“A grande novidade será a introdução de um sistema com contas individuais de capitalização”
(Programa de governo do candidato Jair Bolsonaro, do PSL)
“Quais são os principais problemas da capitalização? Primeiro, a taxa de reposição extremamente incerta, um custo altíssimo de transição e manutenção, e nenhum poder redistributivo. Sistemas de capitalização, seja qual for a forma (aberta ou fechada), não têm poder distributivo, pois seu modelo é individualizado. Há uma brutal transferência da poupança pública para a poupança privada, e nenhum retorno para os empregos.”
(Laura Tavares Soares, “Reforma da Previdência: a experiência da América Latina”)
O trecho imediatamente acima, de um artigo da professora Laura Tavares Soares – aliás, excelente – apareceu em um dos cadernos da Fundação Perseu Abramo, em 2003 (cf. Caderno nº 2, “A Previdência Social no Brasil”).
A Fundação Perseu Abramo é a fundação do PT.
Pode-se dizer que, ao assumir o governo, Lula fez todos os esforços possíveis para implantar o regime de capitalização na Previdência.
Quanto à Dilma, com sua brilhante visão da correlação de forças na política, pode-se dizer que ela fez, inclusive, os esforços impossíveis.
Ao deixar o governo, que passou a Lula em 1º de janeiro de 2003, Fernando Henrique não conseguira aprovar, no Congresso, o fim da aposentadoria integral dos funcionários públicos federais; nem o fim da paridade dos reajustes entre servidores ativos e inativos; nem a exigência de que os funcionários aposentados contribuíssem para a Previdência (o que, evidentemente, é uma redução da aposentadoria).
Os tucanos não conseguiram aprovar tais medidas devido ao movimento dos servidores – e, no Congresso, devido ao voto, contra elas, do PT.
Em 2002, o programa de governo da campanha de Lula dizia, sobre a previdência dos funcionários, o Regime Próprio da Previdência Social (RPPS):
“Os segurados dos Regimes Próprios de Previdência Social, os servidores titulares de cargo efetivo, têm garantia constitucional para as regras de cálculo de benefício, bem como para o reajustamento desse valor e a elegibilidade ao benefício.

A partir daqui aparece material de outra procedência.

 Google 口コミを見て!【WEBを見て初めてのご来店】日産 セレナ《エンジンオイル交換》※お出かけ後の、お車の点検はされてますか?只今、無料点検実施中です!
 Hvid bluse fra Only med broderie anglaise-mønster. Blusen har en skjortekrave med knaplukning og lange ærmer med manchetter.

Ainda de acordo com as disposições da Constituição Federal, o RPPS deve ser regido pelo princípio da contribuição obrigatória.

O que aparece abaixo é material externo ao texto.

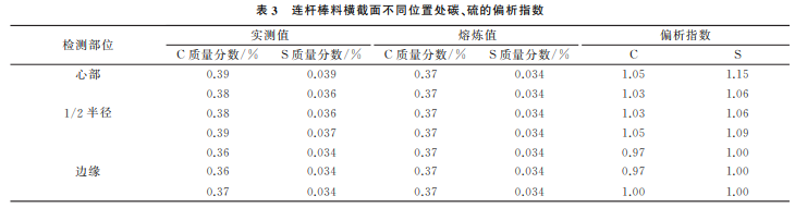 碳偏析指數(shù)的技術(shù)要求為不大于1.1,硫偏析 指數(shù)的技術(shù)要求為不大于1.15 。由表3可見:連 桿棒料 橫 截 面 1/2 半 徑 處 碳 的 平 均 質(zhì) 量 分 數(shù) 為 0.383%,平均偏析指數(shù)約為 1.04 ;1/2半徑處硫 的平均 質(zhì) 量 分 數(shù) 為 0.036%,平 均 偏 析 指 數(shù) 約 為 1.05;邊緣區(qū) 域 碳 的 平 均 質(zhì) 量 分 數(shù) 為 0.363%,平 均偏析指數(shù)約為0.98;邊 緣 區(qū) 域 硫 的 平 均 質(zhì) 量 分 數(shù)為0.034%,平均偏析指數(shù)約為1.00。連桿棒料 橫向斷面 的 碳、硫 偏 析 程 度 較 小,符 合 技 術(shù) 要 求。 連桿棒料橫 截 面 不 同 位 置 處 的 碳、硫 含 量 從 高 到 依次為心部、1/2半徑處、邊緣區(qū)域。綜上所述,連 桿棒料橫截 面 的 低 倍 組 織 和 碳、硫 偏 析 指 數(shù) 均 符 合技術(shù)要求。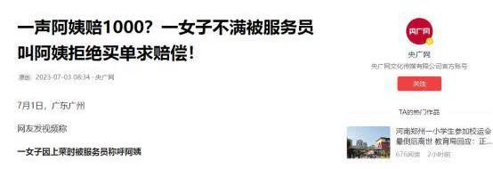 “太离谱!”广东,一50岁女子到饭店吃饭,20多岁服务员上菜时,随口喊了女子两声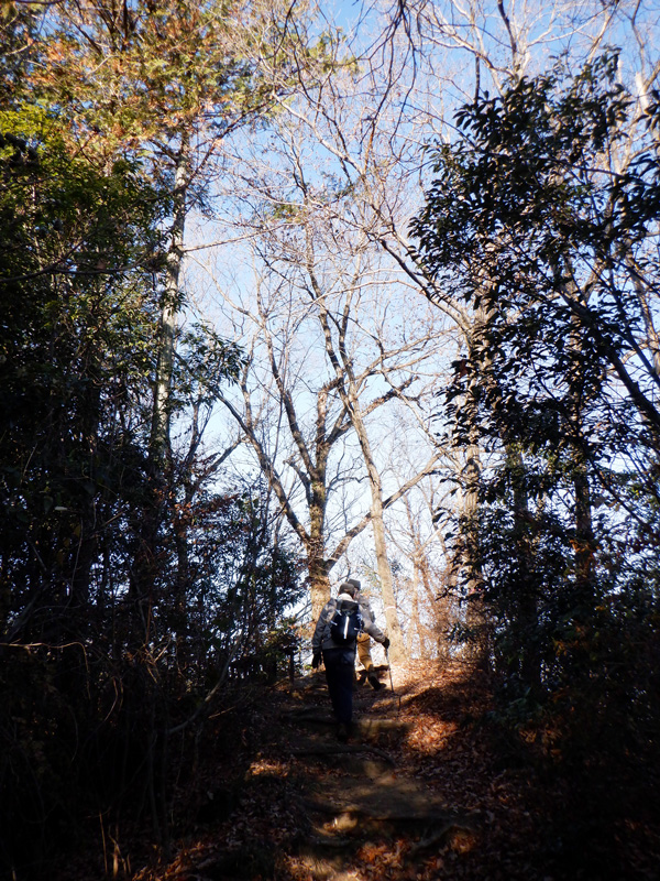 熊谷から江南、嵐山町へと車を進めると小高い丘陵地となり、この時季であれば冬枯れの林が覆う穏やかな曲線を描いています。田畑の中に点々と民家があって、のどかな風景が展開します。比企丘陵です。車を小川町に進め、東武小川町駅前の有料駐車場に停めました。埼玉県比企郡小川町は、この辺りの山に登るときの起点となります。選んだのは小川町に近い金勝山(きんしょうざん)と官ノ倉山(かんのくらやま)。新しい年が明けて初めての登山は、山仲間が三人集まっての日和見登山となりました。比企には比企三山の笠山、堂平山、大霧山がありますが、それらを含む外秩父七峰には官ノ倉山が含まれています。金勝山ともにいずれも展望のよい山で、低山ながらも登り甲斐のある山です。

“Nosso governo, respeitando o princípio do direito adquirido, combatendo privilégios, buscando uniformizar e racionalizar os procedimentos administrativos que hoje estão expressos em uma miríade de centros difusos de administração previdenciária nos entes federados, acelerando o processo de implementação dos RPPS de sorte a recepcionar as contribuições previdenciárias dos servidores para fins de aposentadoria, já que atualmente em muitos entes federados não há contribuição para aquela finalidade, deve buscar a negociação de um contrato coletivo do setor público, no qual os assuntos trabalhistas e previdenciários devem ser objeto de ampla e democrática negociação”.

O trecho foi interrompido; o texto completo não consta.